I'm not sure you need 4% of OSD for wal/db, search this mailing list archive for a definitive answer, but my personal notes are as follows:

"If you expect lots of small files: go for a DB that's > ~300 GB
For mostly large files you are probably fine with a 60 GB DB.
266 GB is the same as 60 GB, due to the way the cache multiplies at each level, spills over during compaction."

We use a single enterprise quality 1.9TB NVMe for each 6 OSDs to good effect, you probably need 1DWPD to be safe. I suspect you might be able to increase the ratio of HDD per NVMe with PCIe gen4 NVMe drives.

best regards,

Jake

On 20/06/2022 08:22, Stefan Kooman wrote:
On 6/19/22 23:23, Christian Wuerdig wrote:
On Sun, 19 Jun 2022 at 02:29, Satish Patel <satish....@gmail.com> wrote:

Greeting folks,

We are planning to build Ceph storage for mostly cephFS for HPC workload
and in future we are planning to expand to S3 style but that is yet to be
decided. Because we need mass storage, we bought the following HW.

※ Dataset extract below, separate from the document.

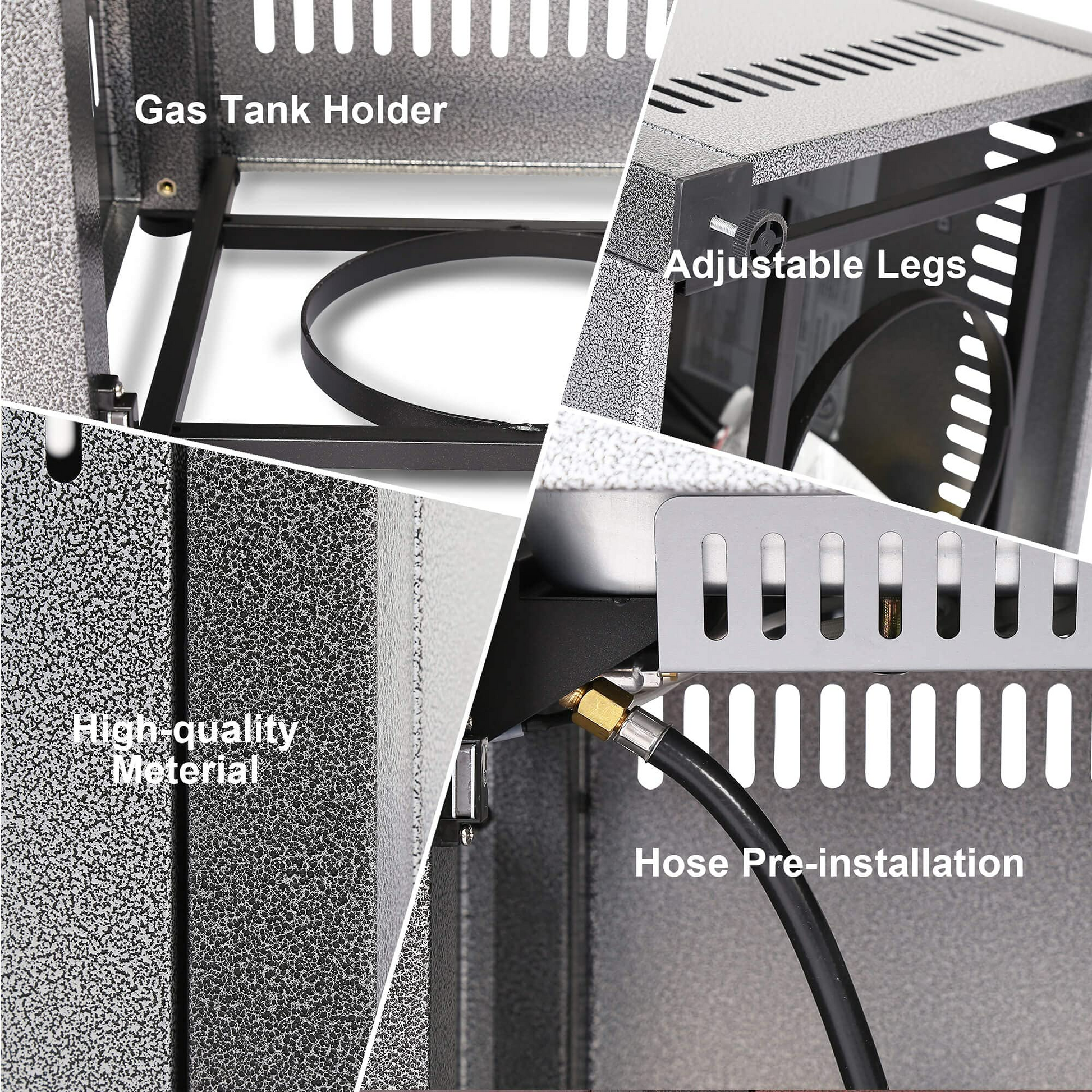 - Features a 50000 BTU propane burner providing ample heat

15 Total servers and each server has a 12x18TB HDD (spinning disk) . We
understand SSD/NvME would be best fit but it's way out of budget.

I hope you have extra HW on hand for Monitor and MDS  servers

^^ this. It also depends on the uptime guarantees you have to provide (if any). Are the HPC users going to write large files? Or loads of small files? The more metadata operations the busier the MDSes will be, but if it's mainly large files the load on them will be much lower.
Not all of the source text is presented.